Every person who, under color of any statute, ordinance, regulation, custom, or usage, of any state or territory or the District of Columbia, subjects, or causes to be subjected, any citizen of the United States or other person within the jurisdiction thereof to the deprivation of any rights, privileges, or immunities secured by the Constitution and Laws, shall be liable to the party injured in an action at law, suit in equity, or other proper proceeding for redress.

State law immunities do not override a cause of action under this statute. See Monell v. New York City Department of Social Services,436 U.S. 658 (1978). However, individuals enjoy a qualified immunity from any action alleging such a violation of federal law. See Mosier v. Robinson,722 F. Supp. 1245 (E.D. Ark. 1989). As I stated in Ark. Op. Att'y Gen. No. 1999-363:

Under the doctrine of qualified immunity, an individual is immune from trial if the actions complained of were taken in good faith in the performance of one's duties, and the acts do not violate any clearly established constitutional right. Harlow v. Fitzgerald, 457 U.S. 800 (1982). The test for the applicability of qualified immunity turns upon the "objective legal reasonableness of the action," assessed in light of legal rules that were "clearly established" at the time the action was taken. See Anderson v. Creighton, 483 U.S. 635 (1987). The immunity is "qualified" because it does not obtain where the activity is in violation of clearly established law that a reasonable person would have known. Robinson v. Beaumont, 291 Ark. 477, 725 S.W.2d 839 (1987); Matthews v. Martin, 280 Ark. 345, 658 S.W.2d 374 (1983).

In short, assuming, as seems likely, that the town carries no liability insurance, I believe it would be immune from any suit alleging negligence with respect to a community service worker. Its exposure to claims of intentional torts or violations of federal law would be as outlined above.

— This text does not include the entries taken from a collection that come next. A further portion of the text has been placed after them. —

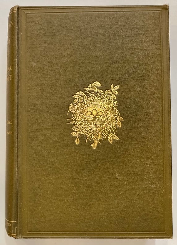 1875 London, George Bell and Sons, 1875 ; 3 volumes in-4, pleine toile verte de l'éditeur illustrée d'un encadrement géométrique à froid et du décor doré d'un nid avec des oeufs orné d'une guirlande floral au 1er plat, décor, titre et tomaison dorés au dos; VIII, 164, 10pp.; IV, 164, 8pp.; IV, 171, 8pp.
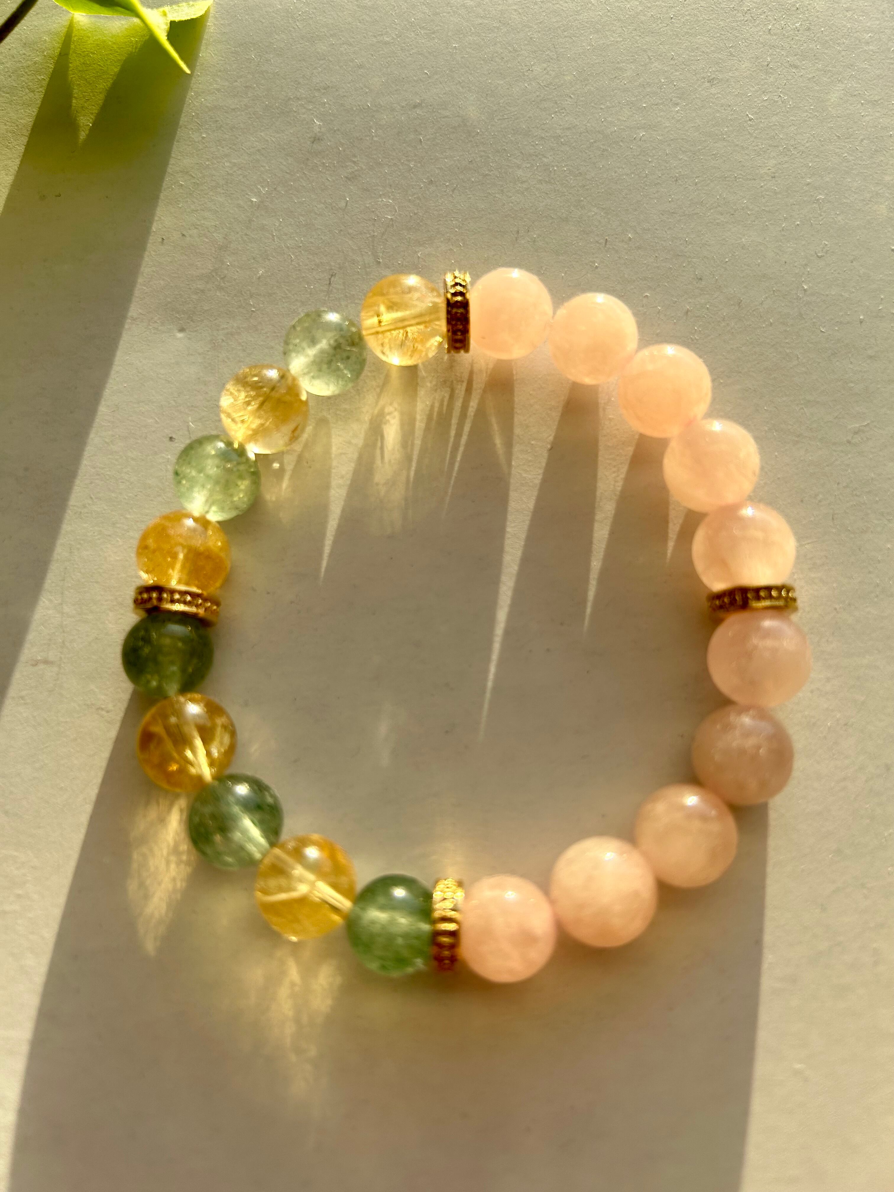 このブレスレットは、3種類の貴重な天然石がデザインされています。モルガナイトは愛と癒しのエネルギーを、フローツサイトインクォーツは希望とエネルギーを、シトリンは豊かさとパワーを象徴しています。明るい色合いは、心地よい気分を与えてくれるでしょう。
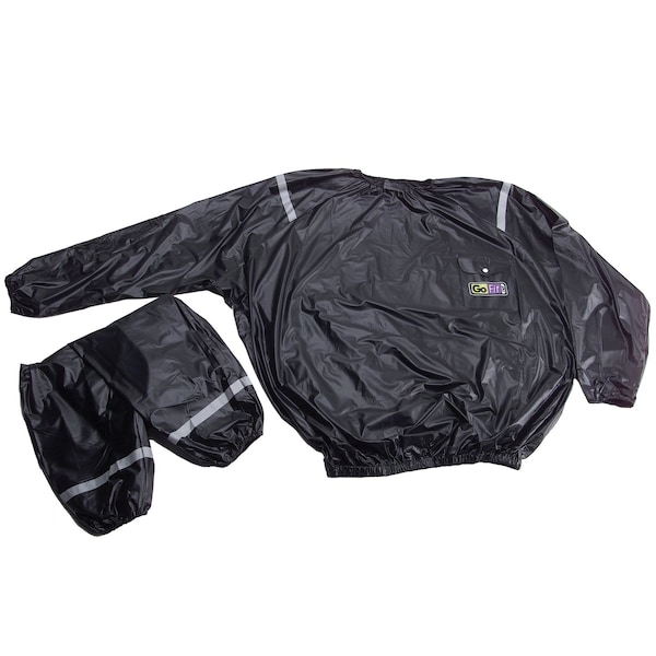 The Large/X-Large GoFit Sweat Suit will maximize any workout! This oversized, high-quality vinyl suit will increase perspiration, keep muscles warm and relaxed, boost metabolism, and burn more calories to meet a desired weight quickly. See faster results by enhancing every workout, or daily task, with the GoFit Sweat Suit!* Before beginning any weight loss or exercise program, you should consult with your physician.
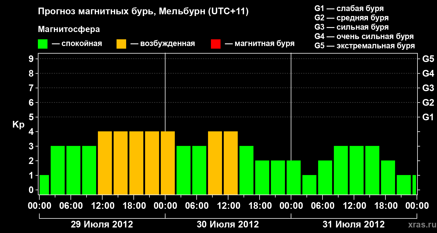 Прогноз магнитных бурь в Мельбурне — 29 июля 2012 года
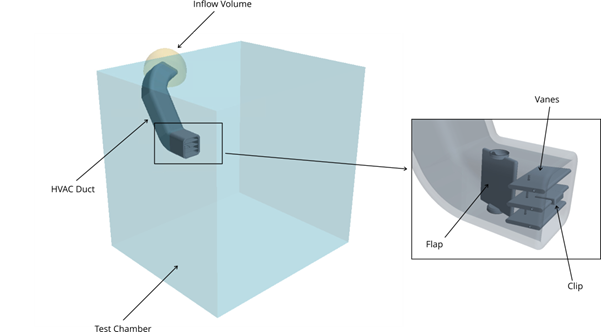 恒密度为 1.18415 kg/m^3 的空气流经 HVAC 管道进气口。在管道末端,三个叶片、一个阀瓣、一个夹子和一个调整器用于在气流进入测试室之前对其进行控制。此设置不针对任何特定几何,通过设置模拟模板中的条件,可以快速导入任何 HVAC 管道几何,并将标签和参数调整到新几何。
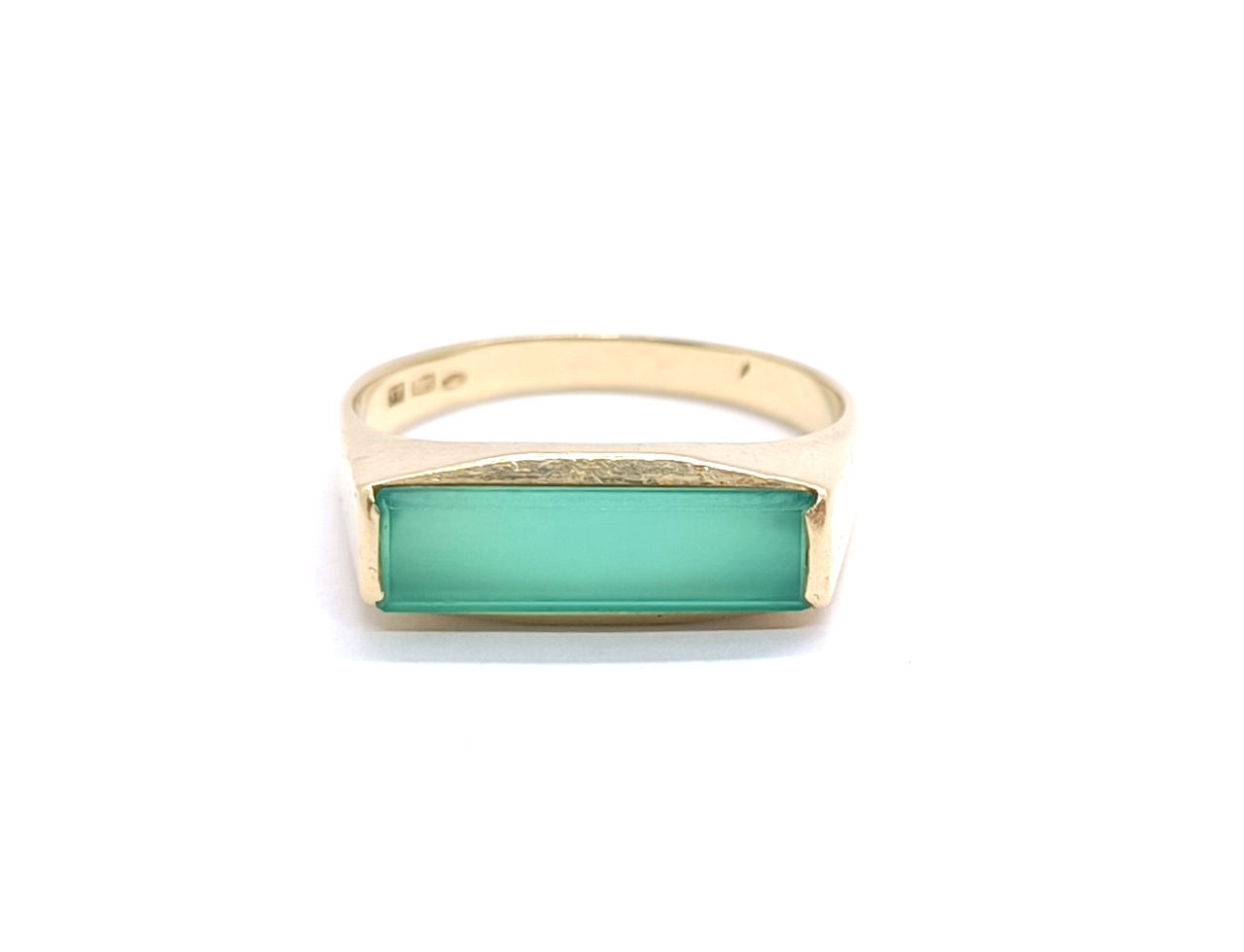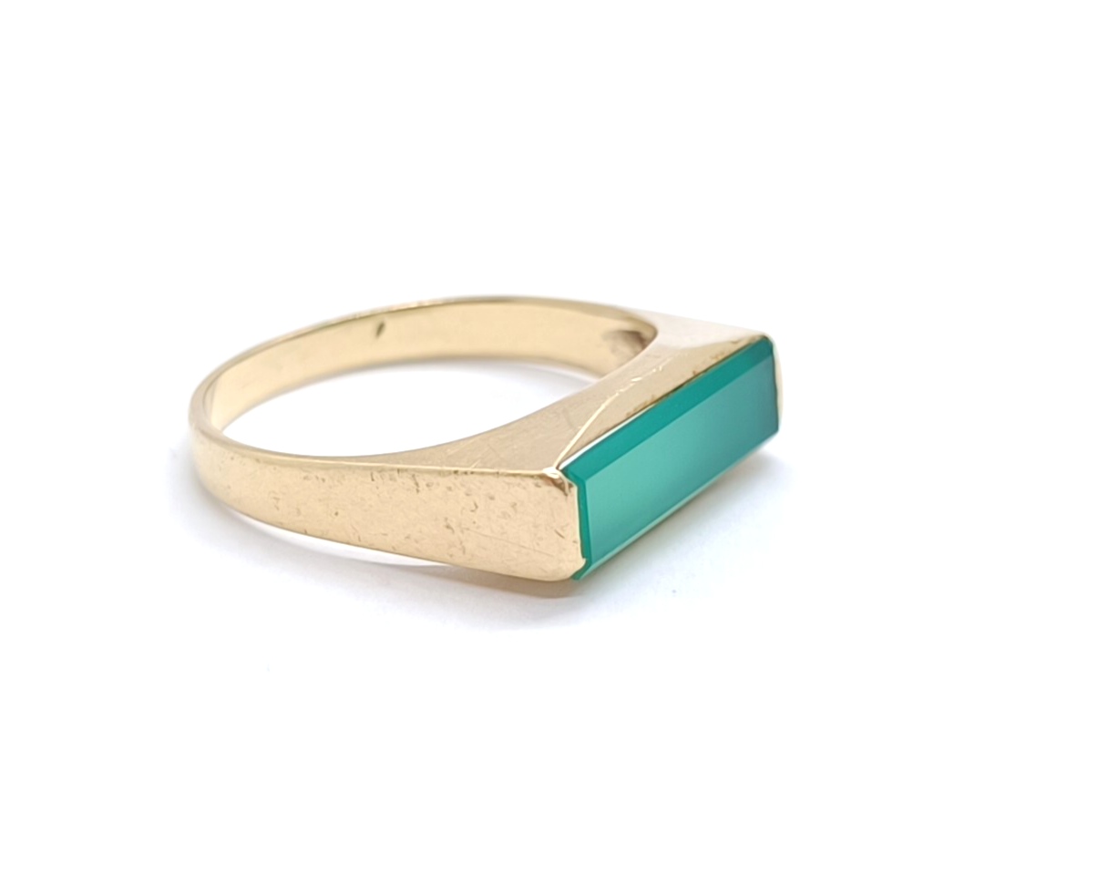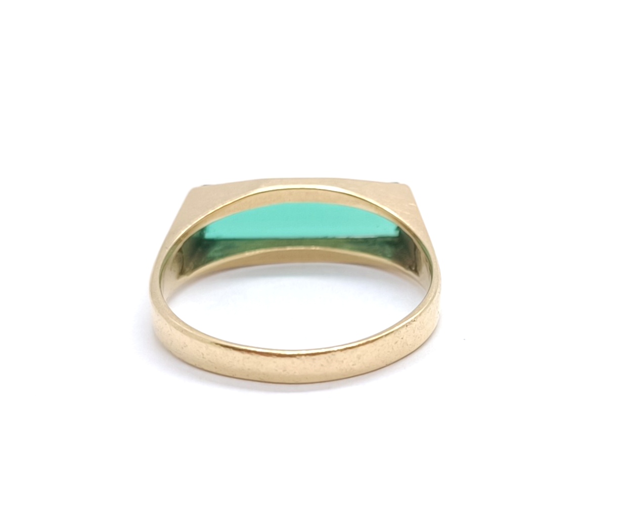 Zlatý pánský prsten s broušeným chryzoprasem, Au btto 4,8g/585/1000, Československo, 1. polovina 20. století; velikost prstenu 63
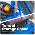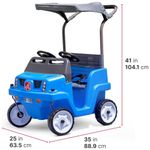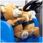 Equipado com cintos de segurança ajustáveis de fácil encaixe, volante funcional com buzina, porta-copos e um compartimento sob o capô para armazenar lanches e brinquedos, garantindo segurança e entretenimento durante o passeio.
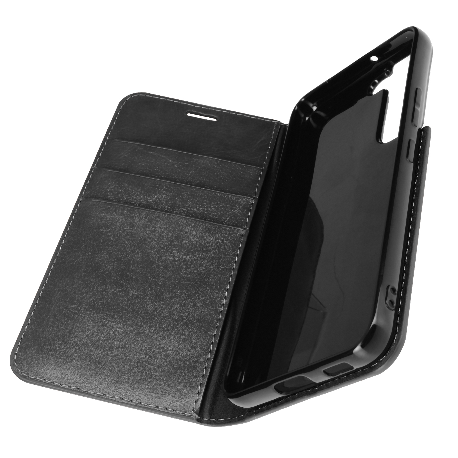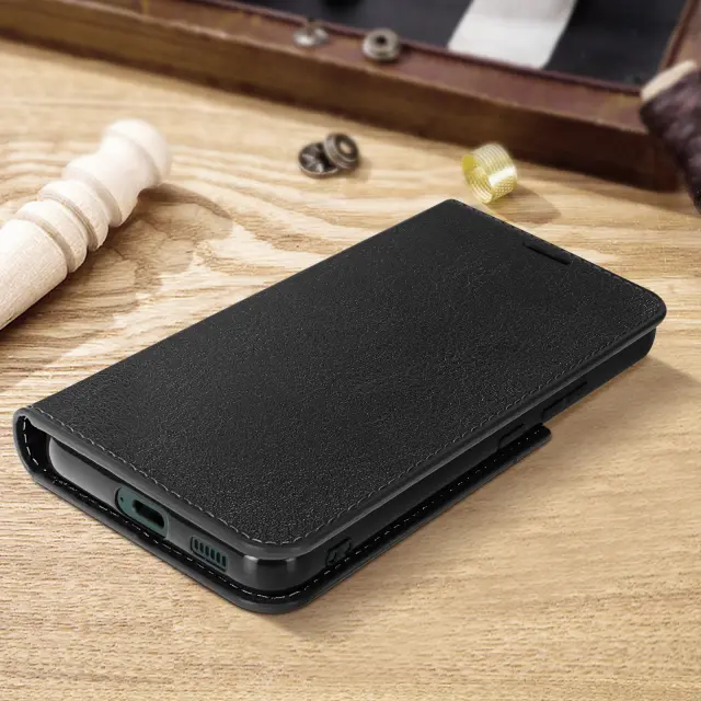 Ta ovitek za Galaxy S22 iz crnega pravega usnja poudari dizajn mobilnega telefona, hkrati pa zagotavlja njegovo zašcito. Izjemno prakticen pokrov zahvaljujoc modularnemu ventilu, ki deluje kot podpora za video. Ima zavihek denarnice za kartice in bankovce.
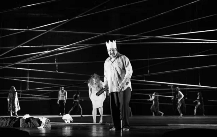 斜橫交錯(cuò)的線條,空的舞臺(tái),水,水桶,也許是皇家宴席中的瓶子,刀,還有紙作的王冠,凡此種種,重新定義了《麥克白》里的世界。

Assistant Attorney General Jack Druff prepared the foregoing, which I hereby approve.

Sincerely,

MARK PRYOR Attorney General

MP:JD/cyh

Enclosure

1 The Public Employee Workers' Compensation Act, A.C.A. § 21-5-601 etseq. (Repl. 1996 Supp. 2001), defines a "municipal employee" as "an employee of the municipalities of this state." A.C.A. § 21-5-603(a)(3). Despite the circularity of this definition, I feel confident that a court reviewing the matter would conclude that an offender doing community service as part of his sentence cannot be classified as a "municipal employee" entitled to workers' compensation coverage. Although the issue of employment status is ultimately one of fact, see discussion in Ark. Op. Att'y Gen. No. 90-192, I cannot imagine a court determining that an offender performing unrecompensed community service is doing so as a municipal employee. Indeed, in the enclosed Ark. Op. Att'y Gen. No.99-225, which likewise addressed a municipality's exposure to liability for injuries incurred by an offender performing community service, I characterized such an individual without elaboration as one "who has no employment or other agency relationship with the county or city."Compare A.C.A. § 21-5-604(b) ("The relationship of a workfare participant to the State of Arkansas or to any of its political subdivisions shall not be deemed to be an employer-employee relationship.").